Les DSE sont abondants dans les racines des plantes se développant dans des environnements pollués par les ETM. Cependant même si la tolérance des DSE aux ETM a été à plusieurs reprises étudiée en conditions in vitro (Zhang et al. 2008; Ban et al. 2012; Likar et Regvar 2013), les mécanismes moléculaires et cellulaires expliquant cette tolérance chez les DSE reste largement méconnus (Zhao et al. 2015).

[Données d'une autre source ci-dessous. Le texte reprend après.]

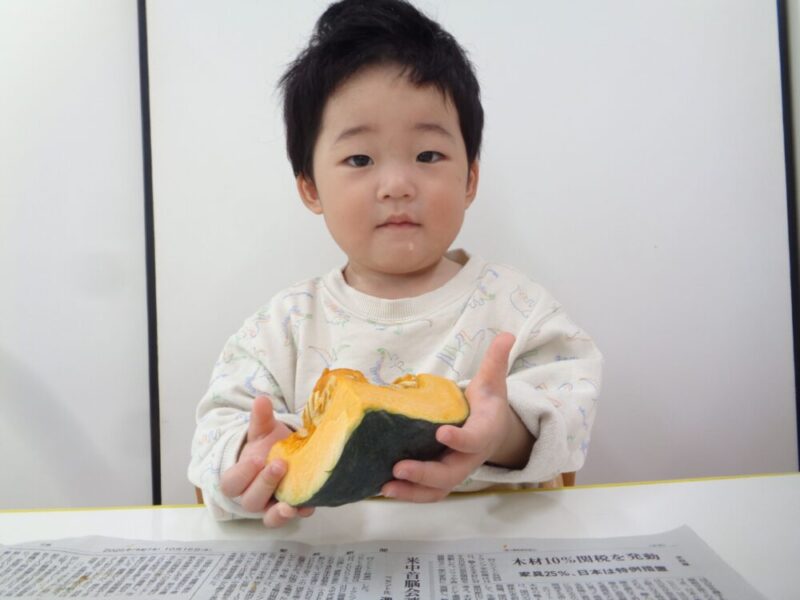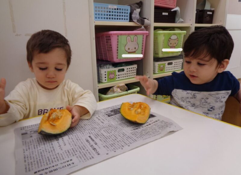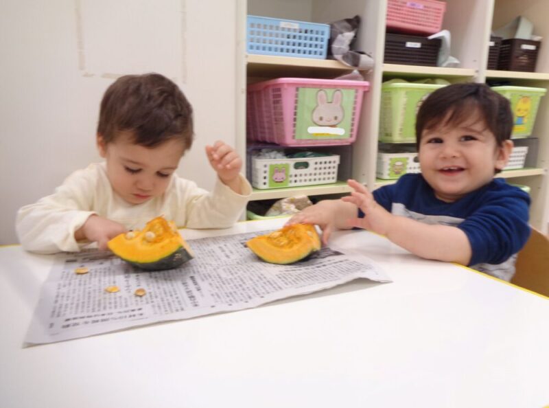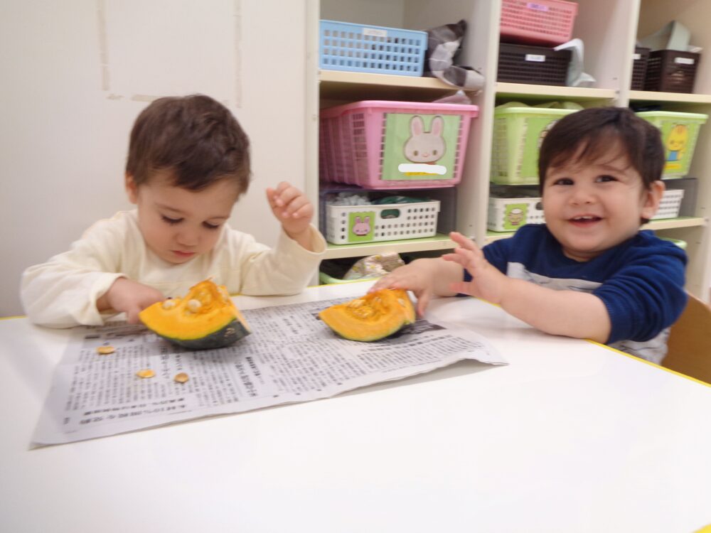かぼちゃに沢山触れて色々な表情を見せてくれていたひよこ組さんでした🐤💕次の食育も楽しみだね♪♪

Contrairement aux DSE, plusieurs études ont porté sur l’étude des mécanismes de tolérance chez la levure et chez les champignons mycorhiziens. Bellion et al. (2006) et Gube (2016) décrivent au travers de deux revues les différents mécanismes de tolérance mis en place (Figure I-19). La tolérance peut se faire par le biais d’une sécrétion d’agents chélateurs ou complexants, qui fixent les ETM dans le sol à proximité de l’hyphe (Figure I-19 ). Les champignons lient les ETM plus ou moins fortement à leur paroi fongique par biosorption aspécifique (Figure I-19 ). Il existe également des stratégies faisant intervenir des transporteurs d’ETM spécifiques et non spécifiques ainsi que des canaux permettant à ces ETM de traverser la membrane plasmique et d’entrer dans la cellule fongique. Une fois dans le cytosol, les ETM sont soit complexés par des métallothionéines ou du glutathion par exemple (Figure I-19 ,), soit exportés hors de la cellule fongique via des transporteurs spécifiques ou non spécifiques (Figure I-19 ). D’autres mécanismes de tolérance tels que la séquestration des ETM dans la vacuole de la cellule sont possibles (Figure I-19 ,). Plusieurs de ces mécanismes interviennent souvent simultanément et peuvent se cumuler afin d’accroître la tolérance. De plus, certains de ces mécanismes sont constitutifs alors que d’autres, sont activés uniquement en situation de stress (Zhao et al. 2015).

Figure I-19 : Mécanismes de tolérance aux ETM des champignons (d’après Bellion et al. 2006).